AMNON SHASHUA: So that's interesting. Where is it going? So there are two lines of progress. One, is when this existing niche is to make the camera understand the visual field at higher levels of detail. So one of the things that we are now working on is, we call this chatting mode. So it's like-- it's the image and notation type of experiment, or the ImageNet together with natural language processing. Say you are visually impaired or blind and you're disoriented. You don't know where you are. So you would like the device to tell you every second what it sees. I see here Tommy. I see here chairs. I see here another person. I see here a wall, an opening, a painting, blah, blah, blah, blah, blah, until you get back your sense of orientation.

So you want the device to be able to have say, several thousands of categories, like in ImageNet, together with image annotation capability. The kind of stuff that people are now writing articles about. And being able to do this at the frame rate of say, once per second. So wherever I'm looking at tell me what-- what you see. This is one-- another thing is to have natural language processing, NLP ability. For example, if you are looking at an electricity bill. The system would know that you're looking at an electricity bill and give you just the short-- what is the amount due, for example. The system will tell you are looking at an electricity bill. The amount due is such and such.

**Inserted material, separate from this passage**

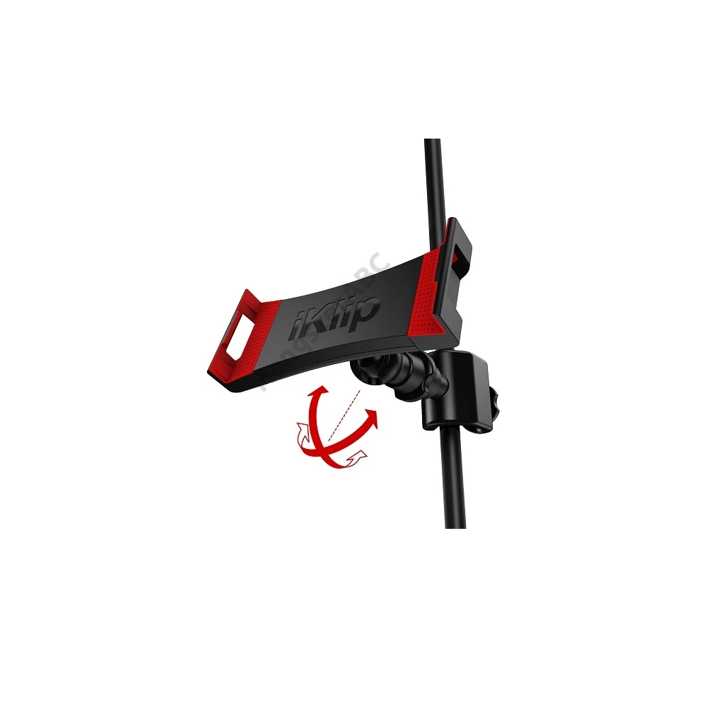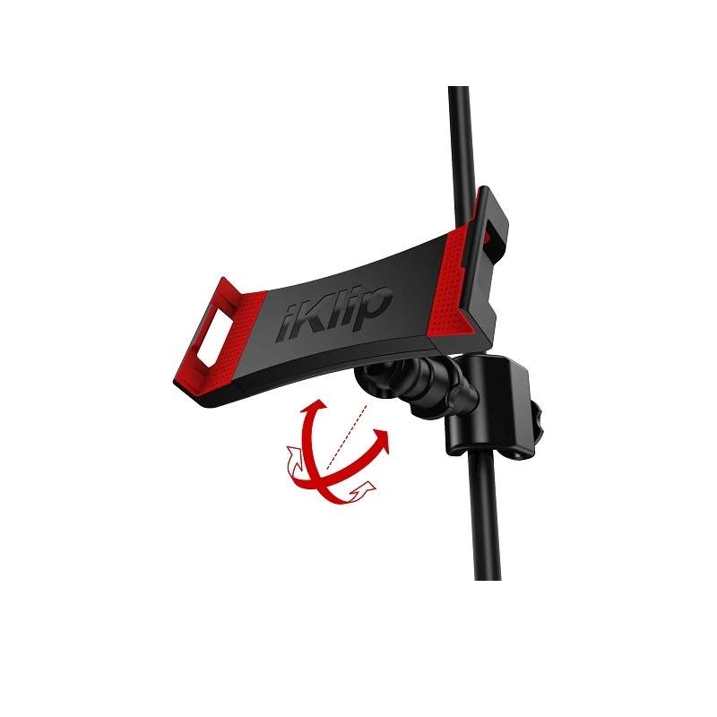 IK Multimedia iKlip3 univerzális tablet tartója könnyedén rögzíthető bármilyen mikrofonállványra, vagy hangszerállványra. Bármilyen 7 "- 12,9" méretű tablet rögzíthető benne, és a tablet akár tokkal együtt is beletehető. Beállítható horizontális és vertikális nézetben is, így a tablet kényelmesen és tökéletesen használható kották, dalszövegek, akkordok és különböző zenei alkalmazások figyelemmel követéséhez és használatához. A tablet tartó lágy tapintású gumipárnácskái biztonságosan megtartják a tabletet. Speciális gömbcsuklós mozgathatósága segítségével a kívánt nézőszög könnyedén beállítható. Természetesen a tablet minden gombja és csatlakozó aljzata szabadon hozzáférhető, használható. Robusztus, hőre lágyuló műanyagból készült a teljes megbízhatóság érdekében. Olaszországban tervezett termék.

So having more and more intelligence into the system. So this is one area. Another area is to go for a wearable device for people with normal sight. So here we're talking about, you know, real wearable computing. So this Apple Watch is wearable computing. But doesn't do much computing. Right? It displays, you know my text messages, emails, you know, measures certain biometrics. But that's not, you know, the holy grail of wearable computing. The holy grail of wearable computing is assume that you had Siri with eyes and ears. So you had a camera on you that is observing the scene all the time and providing you real time information whenever you need the information, like the people that you meet. What were the recent tweets of those people that you met? What is common between you and them based on Facebook and LinkedIn and so forth?

So knowing more about the people you meet. Knowing more about the stuff that you are doing. And creating an archive of all what you are doing throughout the day. And this is a device like this. This is how it looks like. We call it Cassie. So this is a real device. It works continuously for about 13 hours. So you have a camera working continuously for 13 hours. And the purpose of this camera-- so the way-- you put it like this. OK? So the purpose of the camera is not to take pictures. It doesn't store any picture. The purpose of the camera is to be a sensor, is to interpret the visual world and provide information in real time. And if everything goes well, we'll start launching this within six months from now.

So this is the next big thing, to go into wearable computing, to go into a domain in which a camera is on you and processing information all the time. Unlike now, a camera on your smartphone in which you take a picture on demand. It's not working for you all the time. Here it's working for me all the time. All the time it's viewing the visual field. Whenever it finds something interesting it will send it to my smartphone, like people that I meet and other activities that I do. So this will be the beginning of real wearable computing. So wearable computing with sensing, with the ability to hear and listen, to hear and see, and process information in real time. This is the next thing that-- the next big challenge that we are working on.